:: Work item ::
Omit all pictures and transcribe only the lines in the entries below that run from the line with "You should pay" through the line with "1,首先我們打開創造模式,進入背包搜索水下呼吸。".

:: Working data ::

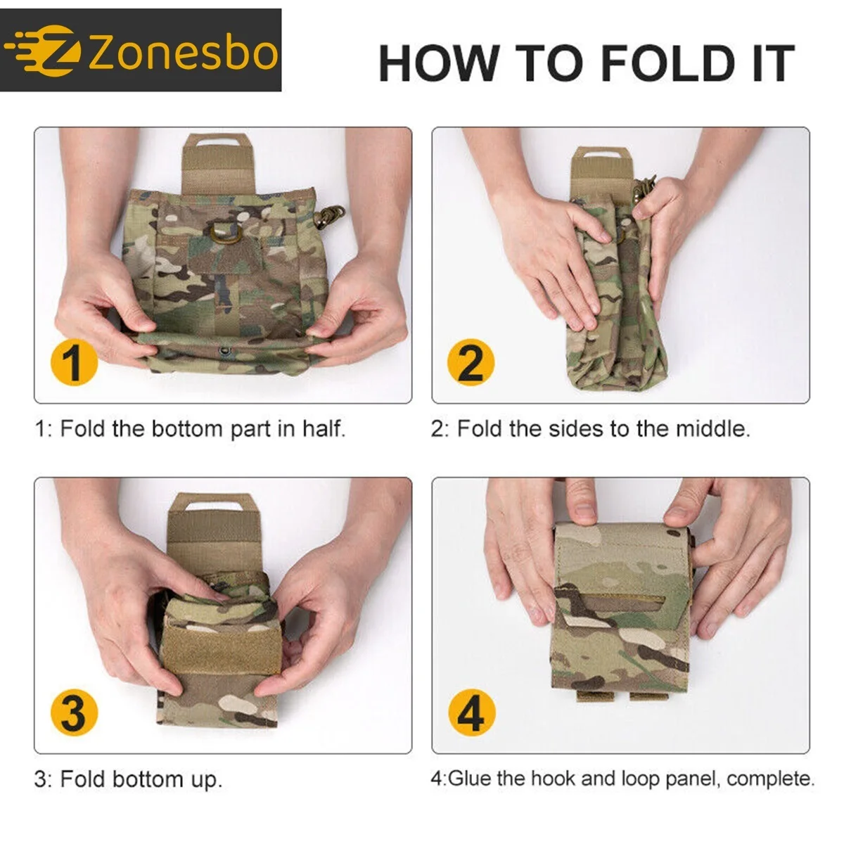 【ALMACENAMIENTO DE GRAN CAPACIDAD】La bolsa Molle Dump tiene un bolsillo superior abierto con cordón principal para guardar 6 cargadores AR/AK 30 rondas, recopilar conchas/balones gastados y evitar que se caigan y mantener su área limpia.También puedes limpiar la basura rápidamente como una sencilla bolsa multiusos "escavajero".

* * *

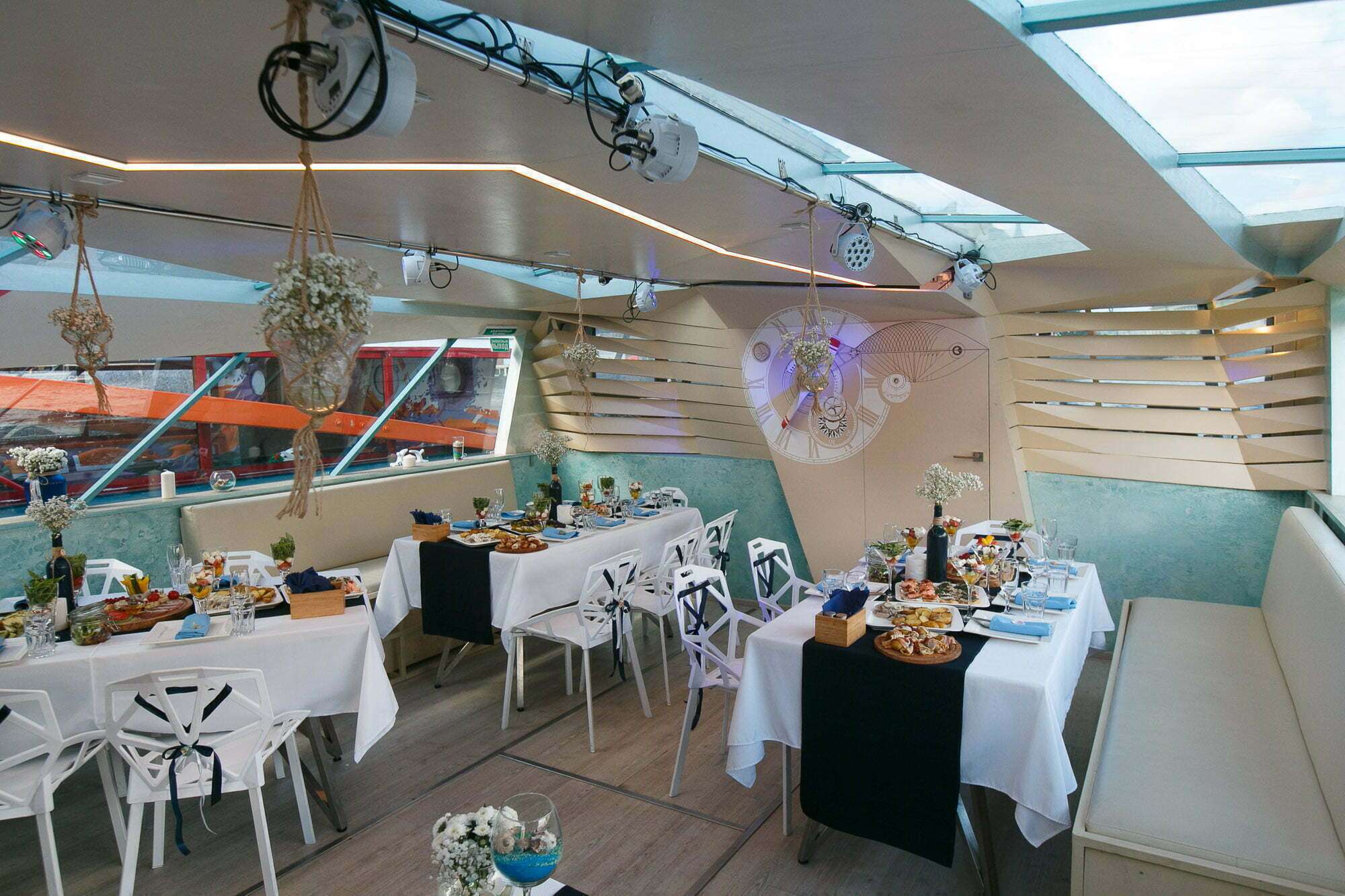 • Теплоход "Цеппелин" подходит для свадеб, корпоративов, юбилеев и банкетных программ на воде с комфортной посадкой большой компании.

...

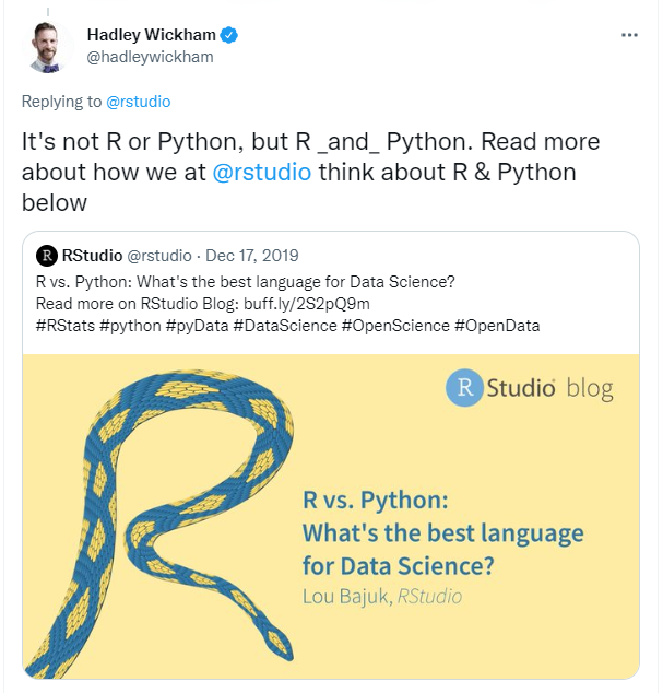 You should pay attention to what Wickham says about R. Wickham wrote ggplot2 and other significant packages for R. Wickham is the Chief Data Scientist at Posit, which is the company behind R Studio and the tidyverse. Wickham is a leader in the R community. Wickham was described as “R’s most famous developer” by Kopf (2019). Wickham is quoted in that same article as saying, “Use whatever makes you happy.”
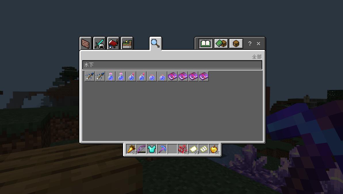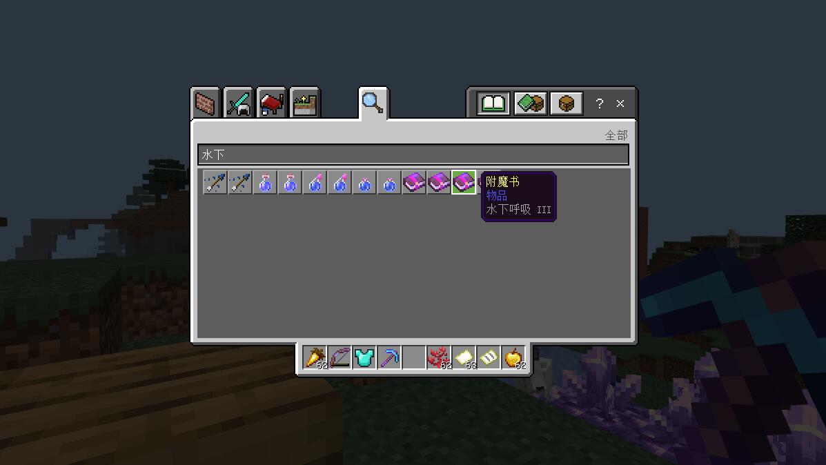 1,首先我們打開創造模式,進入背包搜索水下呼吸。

:: Result ::
 You should pay attention to what Wickham says about R. Wickham wrote ggplot2 and other significant packages for R. Wickham is the Chief Data Scientist at Posit, which is the company behind R Studio and the tidyverse. Wickham is a leader in the R community. Wickham was described as “R’s most famous developer” by Kopf (2019). Wickham is quoted in that same article as saying, “Use whatever makes you happy.”
 1,首先我們打開創造模式,進入背包搜索水下呼吸。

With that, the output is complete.